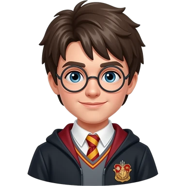 Harry Potter emoji, Apple style, clean 3D, soft gradients, teenage boy age 15–16, messy black hair, round glasses, lightning scar, Gryffindor accents, minimal icon, centered, white background, high detail emoji
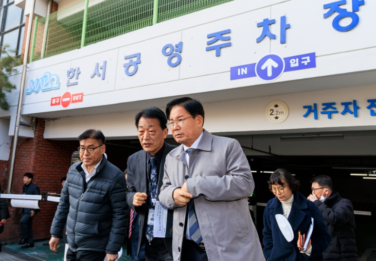 ▲ 지난 2월 박강수 마포구청장이 시설 및 운영 개선을 위해 한서공영주차장을 방문을 했다. |
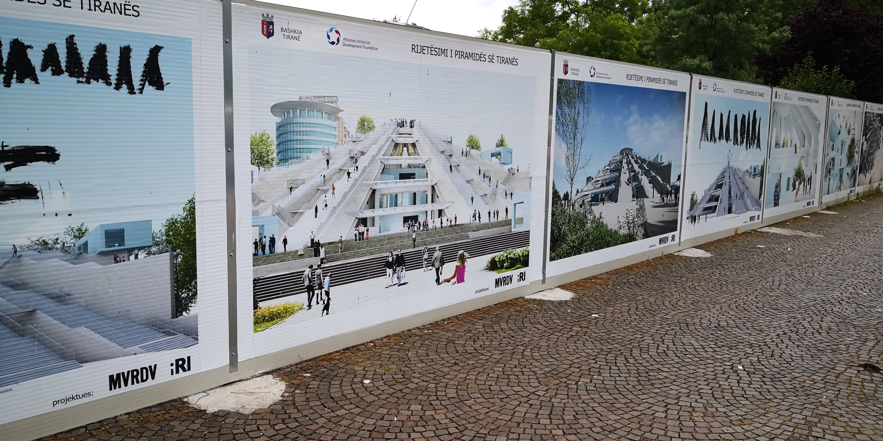 Повним ходом іде реконструкція “Піраміди”. Як я розповідав у минулорічному фотозвіті, спочатку це був музей Енвера Ходжі. Після падіння комунізму та заборони комуністичної ідеології на початку 90-х музей припинив існування і в будівлі деякий час працював нічний клуб. Потім вона деякий час стояла закинутою. Після реконструкції її планують перетворити на науковий центр:
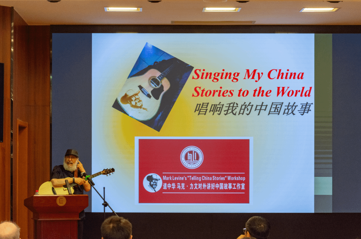 马克・力文教授随后致辞,并以 “唱响我的中国故事” 为题开讲首场讲座。在悠扬弦音中,他现场演绎了10首原创歌曲,将近20年在华工作生活经历以及北京奥运会、中国共产党成立 100 周年等重大历史事件融入旋律,用歌声勾勒时代印记,讲述中国故事,现场掌声不断,反响热烈。
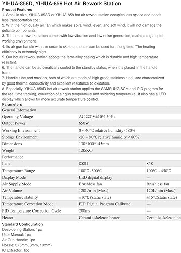Yihua 858D Heißluftstation SMD Rework Station 650W 100° C... 450 ° C 120L/Min
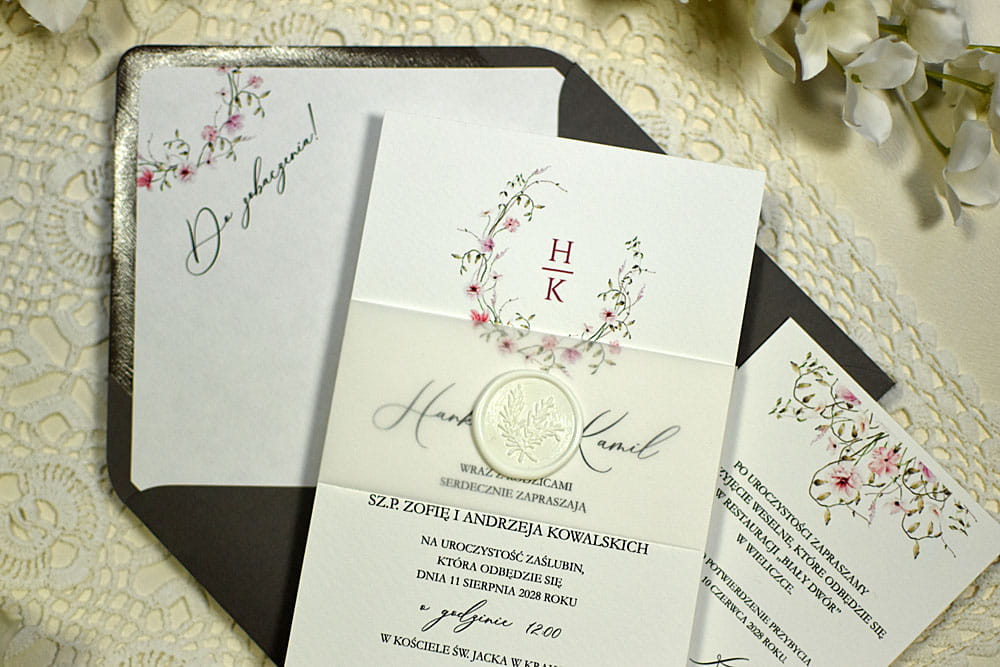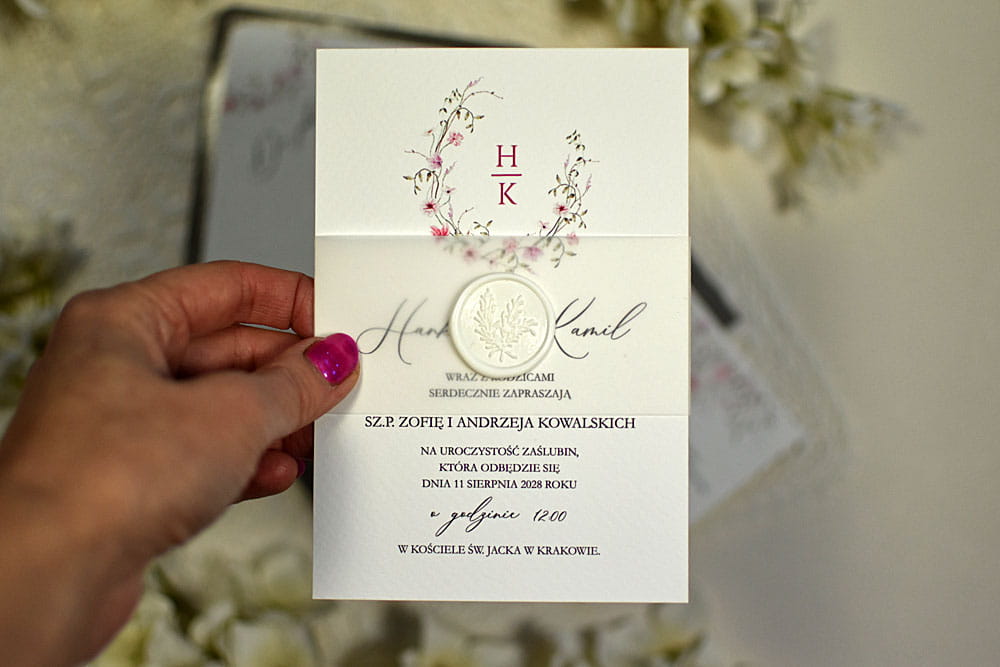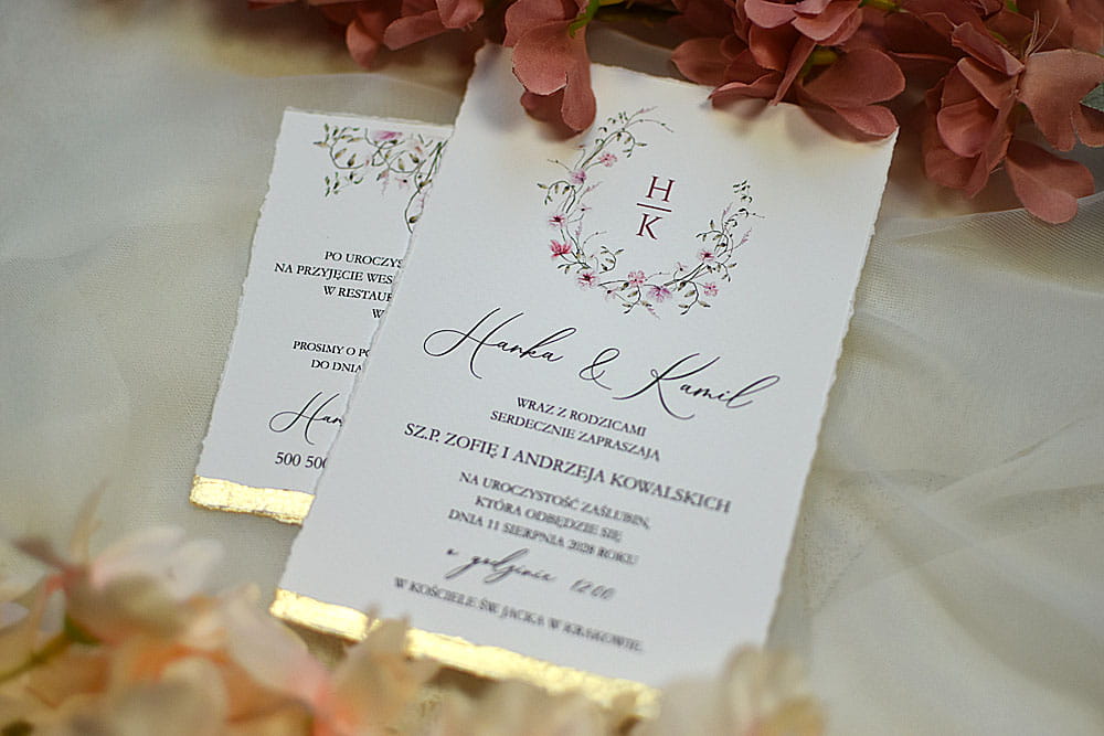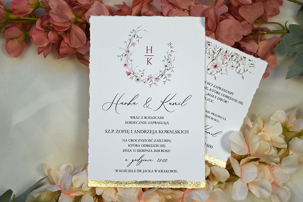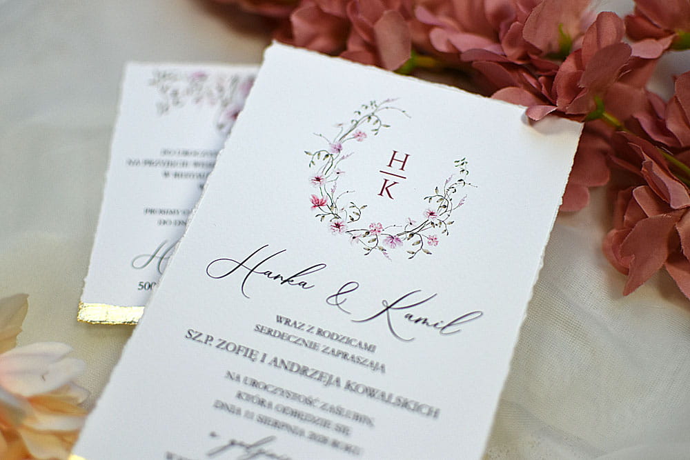 zaproszenia ślubne Maja z delikatnym różowym kwiatowym wiankiem
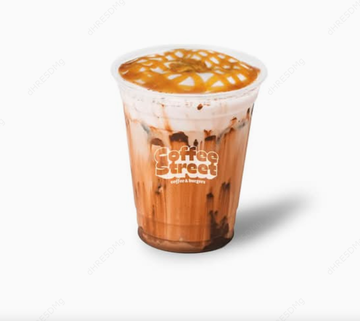 Extracción de café con 320 ml de leche fría, hielos y dos pumps de jarabe de caramelo (todas nuestras medidas de bebidas son de 12 oz).
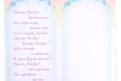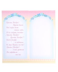 Открытка двойная со сгибом по вертикали, внутри напечатано стихотворение. Изготовлена из картона, имеет биговку (канавку по линии сгиба). Украшена рельефным тиснением с блестками.
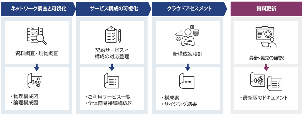 ITインフラ調査・アセスメントサービスは、お客さまのITインフラを調査することで現状を可視化し、最適なITインフラへ向けた課題解決を支援するサービスです。お客さまは、システムの構成把握、サイジングによる余剰リソース状況等、改善に向けた情報をまとまった資料として得ることができます。
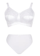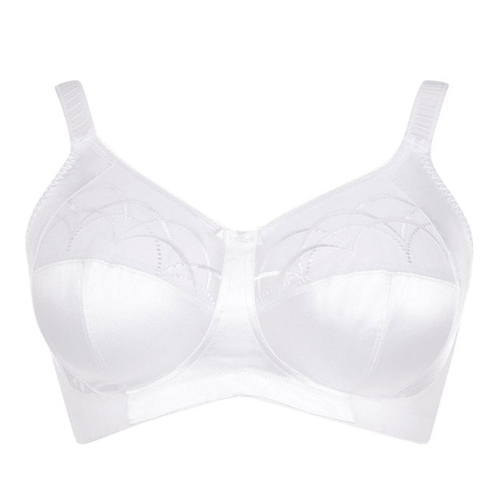 Enjoy the look and feel of the Cate Soft Cup Bra in a chic White colourway, showcasing sheer embroidery and soft satin for a luxurious look. Cate features a secure elastic underband and flexible side boning for anchorage and support, while three piece cups plus side support provide perfect forward shaping, up lift and separation.
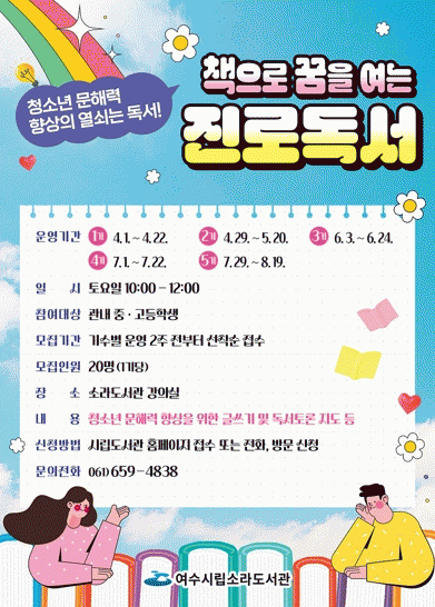 시 관계자는 “이번 진로독서는 전남도 올해의 책 선정도서를 활용해 기획했다”라며 “청소년들이 문해력을 비롯한 사고력과 어휘력을 키울 수 있는 유익한 시간이 되길 바란다”고 말했다.

◇ ◇ ◇ ◇ ◇ ◇ ◇

### [WHAT YOU NEED TO DO]
All pictures should be dropped; the lines from the one containing "Enjoy the look" through the last line of the material are to be set down exactly.

### [WRITTEN RESPONSE]
 Enjoy the look and feel of the Cate Soft Cup Bra in a chic White colourway, showcasing sheer embroidery and soft satin for a luxurious look. Cate features a secure elastic underband and flexible side boning for anchorage and support, while three piece cups plus side support provide perfect forward shaping, up lift and separation.
 시 관계자는 “이번 진로독서는 전남도 올해의 책 선정도서를 활용해 기획했다”라며 “청소년들이 문해력을 비롯한 사고력과 어휘력을 키울 수 있는 유익한 시간이 되길 바란다”고 말했다.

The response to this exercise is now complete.